What leadership change did Kennametal (KMT) announce in this 8-K?

Kennametal announced that Amanda Cole will become Vice President and Chief Human Resources Officer on July 21, 2026, succeeding longtime executive Judith Bacchus. Bacchus will remain Vice President and Chief Administrative Officer until her planned retirement on or about October 1, 2026.

What is Amanda Cole’s compensation package at Kennametal (KMT)?

Amanda Cole will receive a $375,000 annual base salary and a $58,000 sign-on cash bonus. She also gets a special $300,000 long-term incentive grant in restricted stock units plus ongoing annual long-term incentives targeted at $375,000 starting in fiscal year 2027.

How are Amanda Cole’s long-term incentive awards at Kennametal (KMT) structured?

Her special $300,000 grant consists of restricted stock units, with $200,000 cliff vesting after two years and $100,000 after three years. From fiscal 2027, annual grants target $375,000, split 40% RSUs with three-year ratable vesting and 60% PSUs vesting after three years based on performance.

What annual bonus opportunity will Amanda Cole have at Kennametal (KMT)?

Amanda Cole will participate in Kennametal’s Annual Incentive Plan starting in fiscal 2027 with a target bonus equal to 50% of her base salary. Under the plan design, she can earn up to 200% of that target based on company and individual performance outcomes.

What severance and change-in-control protections does Amanda Cole receive at Kennametal (KMT)?
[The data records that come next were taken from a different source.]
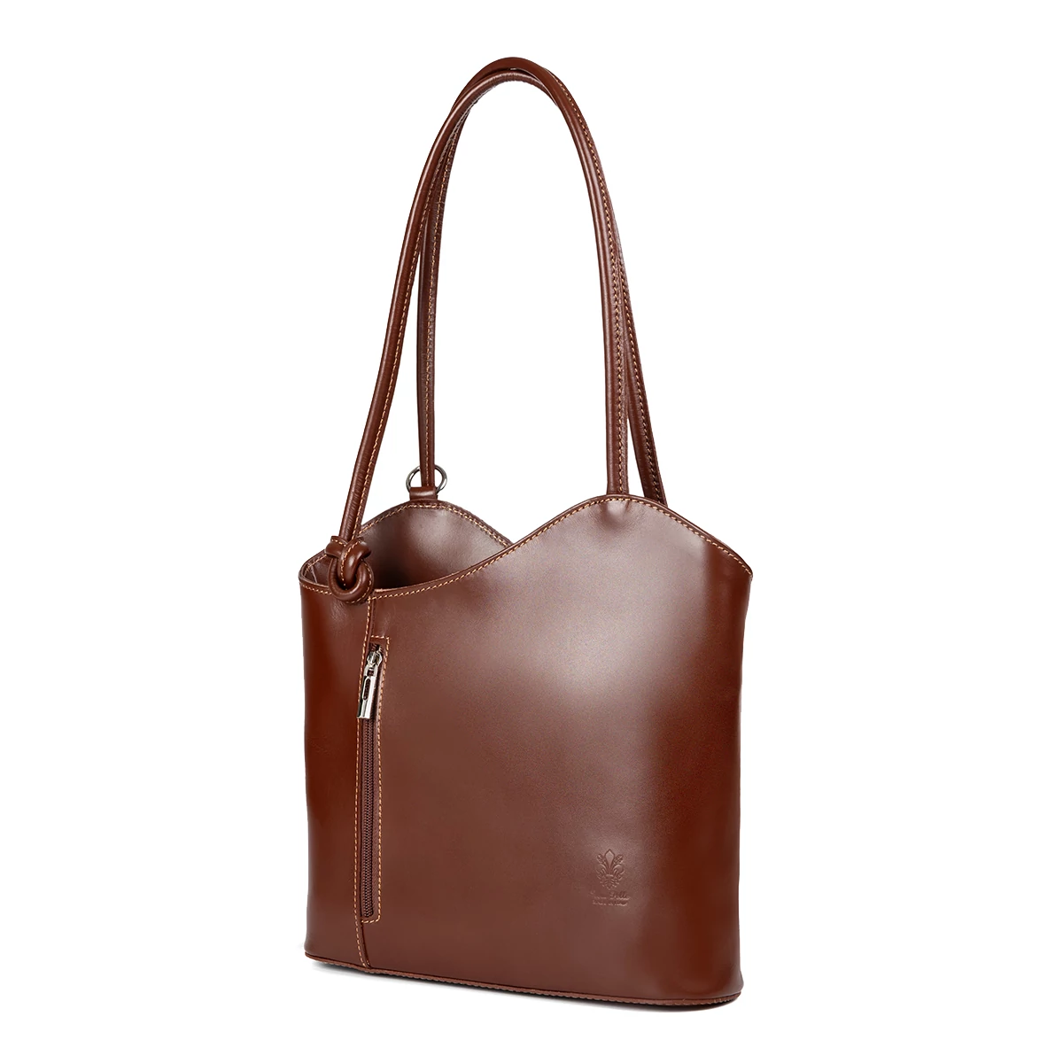 Valódi bőrtáska, melynek egyedi kinézete és kétféle funkciója még értékesebbé teszi. Válltáskaként és hátizsákként is hordható. Keményített anyagból készült. Első oldalán és a hátsón is található egy apró cipzáras zseb, mindkét oldalon függőlegesen. Nagy zsebét is cipzárral nyithatjuk, belső tere két részre van osztva, egy apró kis zsebet is rejt a táska mélye.
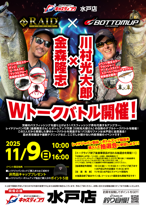 11/9(日)10:00~キャスティング水戸店にて、久しぶりにカナモとのトークライブ!
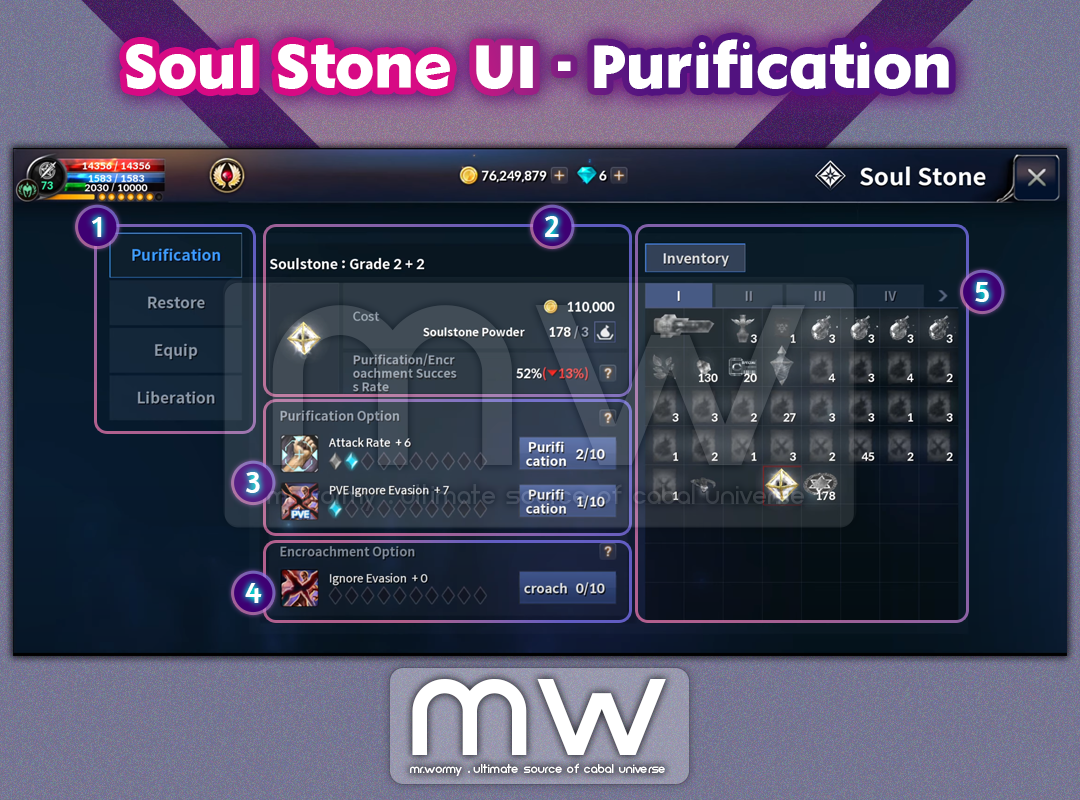 - Select “Purification” from the tab list [1] in Soul Stone UI.
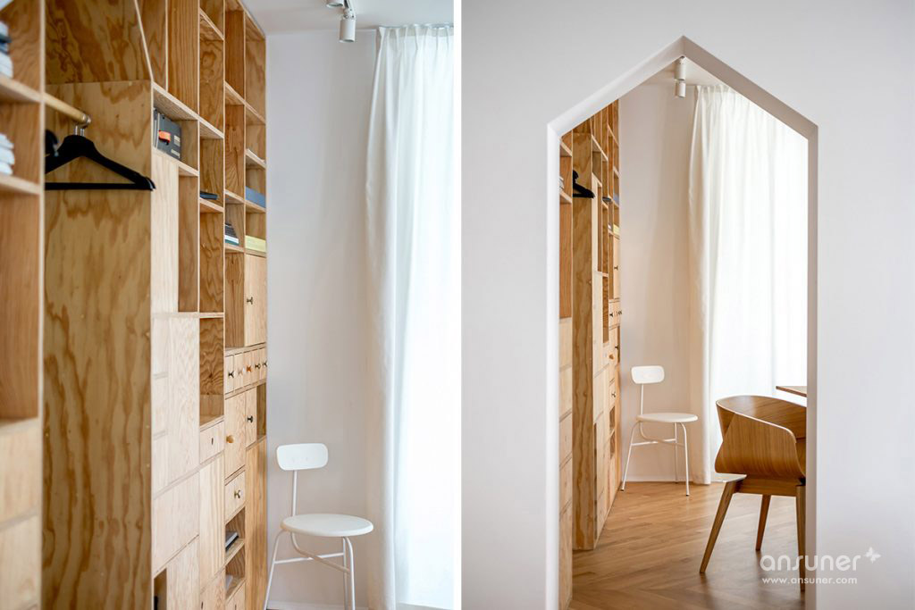 为了实现这一点,他们拆除了前公寓的所有承重墙,将其改造成一个开放式的工作室。然后他们使用胶合板建造新的隔板,整合了货架,立方木,抽屉和橱柜。由于这些特征开口,它们确保不同的区域在视觉上相连。建筑师还添加了半透明的白色棉花窗帘,以便在必要时可以进一步分隔空间。
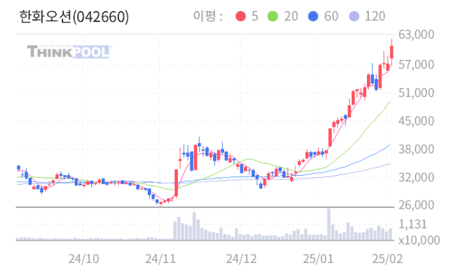 2024년 1월부터 3월까지의 한화오션 주가는 지속적인 상승세를 보였습니다. 특히, 2025년 1월 중순 이후로는 더욱 가파른 상승세를 기록하고 있습니다. 이러한 주가 상승은 여러 요인에 기인하고 있으며, 앞으로의 전망도 밝은 편입니다.

If Kennametal terminates her without cause before a change in control, she is eligible for 12 months of severance. If she resigns for good reason or is terminated without cause around a change in control, she receives two times her base salary and two times her target bonus.

Does Amanda Cole’s employment agreement with Kennametal (KMT) include non-compete terms?

Yes. If Kennametal terminates her without cause, she is restricted from competing for one year in areas where it does business. If she resigns voluntarily or after a change in control, the non-compete extends to two years, and confidentiality obligations always remain in force.